Forward looking approach in the risk assessment of companies
How to integrate a forward looking component in the risk assessment of companies into lending and credit management processes using an automated simulation tool.
The most widespread assessment systems in the world of credit and consultancy are generally based on a traditional and static approach. The so-called ratio analysis is certainly based on some useful principles, but these do not allow the dynamic aspect of risk to be considered, thus preventing us from having a comprehensive and complete view of the counterparty.
For this reason, many credit institutions have recently intensified activities to strengthen the processes and skills related to forward-looking analysis and cash flow analysis issues, since the principles underlying Basel 3 oblige them not only to consider current risk but also expected risk.
Therefore, it isn't enough just to know the current state of health of a client company or prospect, but it is also necessary to predict likely developments. Forecast analysis of client companies must also take into account expected industry trends and the competitive positioning of the individual company within the industry itself.
In fact, a company operates within an external context whose dynamics are able to significantly influence the operating and financial results of the company; there are multiple influences deriving from the external context, which can be considered on a system level and on the level of the reference economic sector.
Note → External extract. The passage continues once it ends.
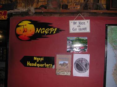 The bar at Ngepi has many signs that foretell of service levels to be expected, some humorous, other deadly serious, like “Be Nice or Go Home”, and “Our waiters have the day off, please serve yourself…” Others such as “Prices subject to customer’s attitude” and “If you are with George Bush, then you are not welcome here” might irk certain clientele… Also, “Be careful with your personal property; please tell reception immediately if you lose your sense of humour…” We tried, but nobody would listen!!
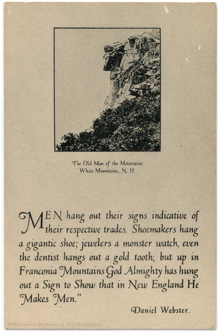 Obverse: The Old Man of the Mountains Publisher: The Meriden Gravure Co.- Meriden, Conn. MNM#01-01083 The most famous of all rock faces, which sadly collapsed on May 3, 2005. Popularized by Nathaniel Hawthorne in his short story "The Great Stone Face." It is New Hampshire's state symbol, reproduced on quarters, licensce plates, stamps, decorative china, and hundreds of postcards. Trail directions at www.gorp.com. Other views of this formation: |

Lending and credit management policies, therefore, cannot ignore the assessment of the cyclical phase in which the financed company must generate cash to repay loans, and at the same time must take into account the specific characteristics of the economic sector in which it operates.
Therefore, it is necessary to approach the risk assessment of companies through:
- ratio analysis of historical data and the standardization of economic-financial analysis policies for the purposes of assessing the company, its credit potential, and the risk and sustainability of the credit facility being offered
- building company forecasts (business plan, complete with statement of assets and liabilities, profit and loss account, and cash flow statement) on the basis of a simulation “engine” which takes accounting reports into consideration among the main financial statement amounts and which can also be fed using assumptions formulated by the user (typically by the Manager, on the basis of interviews with the company)
- company data projections, including in the absence of information from the user, on the basis of macroeconomic sector forecasts (industry outlook), positioning of the company within the sector (with the aim of identifying the so-called “star” companies), and any “what-if” analysis performed by the user on macroeconomic and company figures.